BRIEF: Leave every image behind and restate the data word for word.

SUPPLIED INFORMATION:
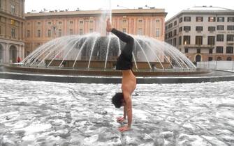 C'è però chi ne ha approfittato, sfidando il freddo, per qualche acrobazia gelida in piazza De Ferrari, cuore della città della Lanterna -
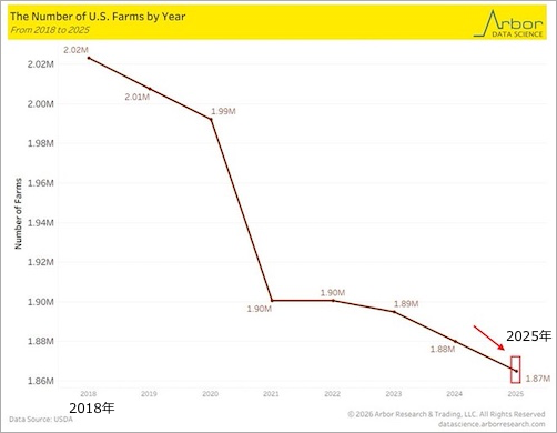 2025年のアメリカの農場数は前年比 -15,000減少し、187万にまで落ち込み、1850年代以来の最低を記録した。
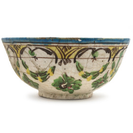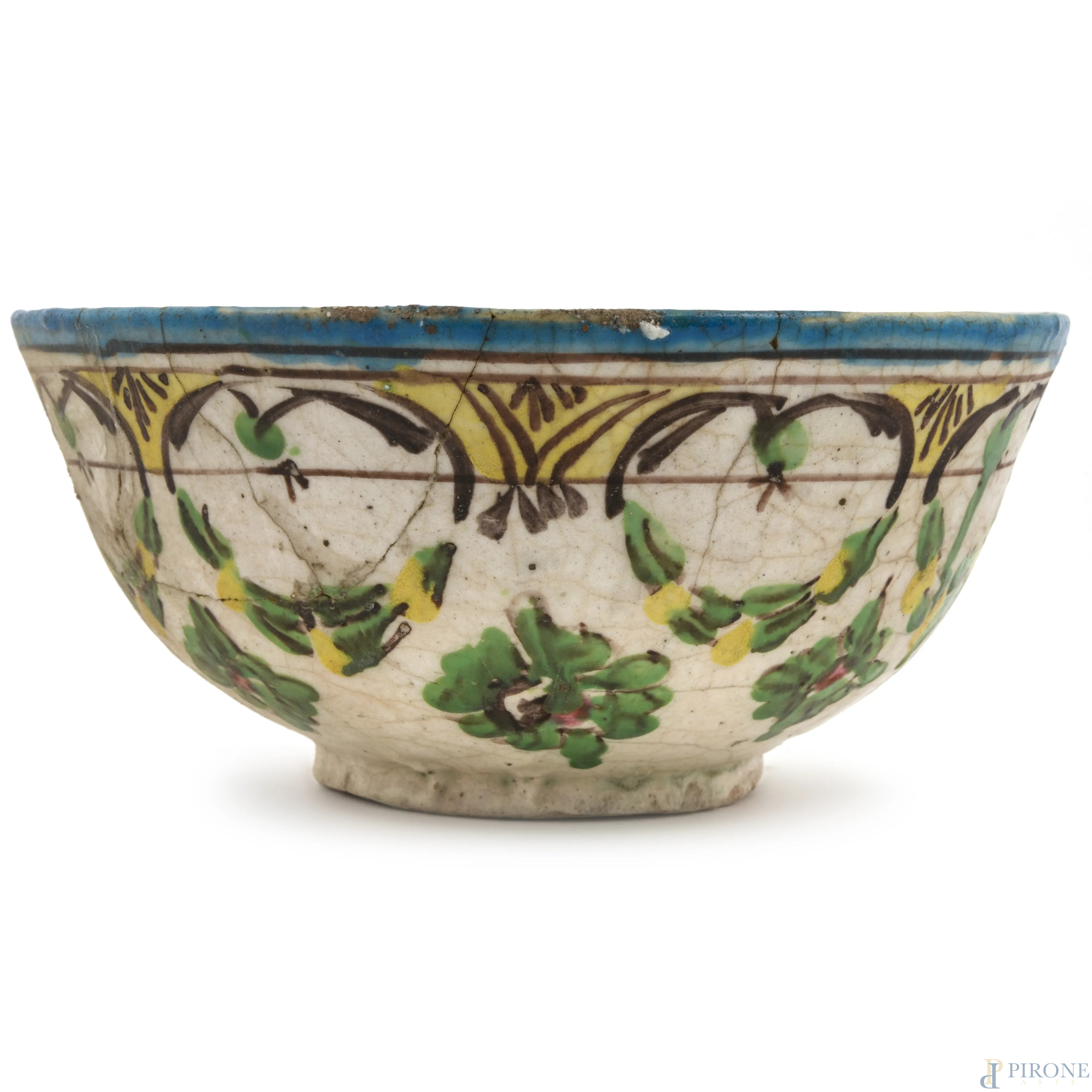 Ciotola in maiolica decorata con teoria di festoni e mazzetti di fiori, XIX-XX secolo, cm 10x22, (restauri, scalfiture, difetti)

COMPLETED TASK:
 C'è però chi ne ha approfittato, sfidando il freddo, per qualche acrobazia gelida in piazza De Ferrari, cuore della città della Lanterna -
 2025年のアメリカの農場数は前年比 -15,000減少し、187万にまで落ち込み、1850年代以来の最低を記録した。
 Ciotola in maiolica decorata con teoria di festoni e mazzetti di fiori, XIX-XX secolo, cm 10x22, (restauri, scalfiture, difetti)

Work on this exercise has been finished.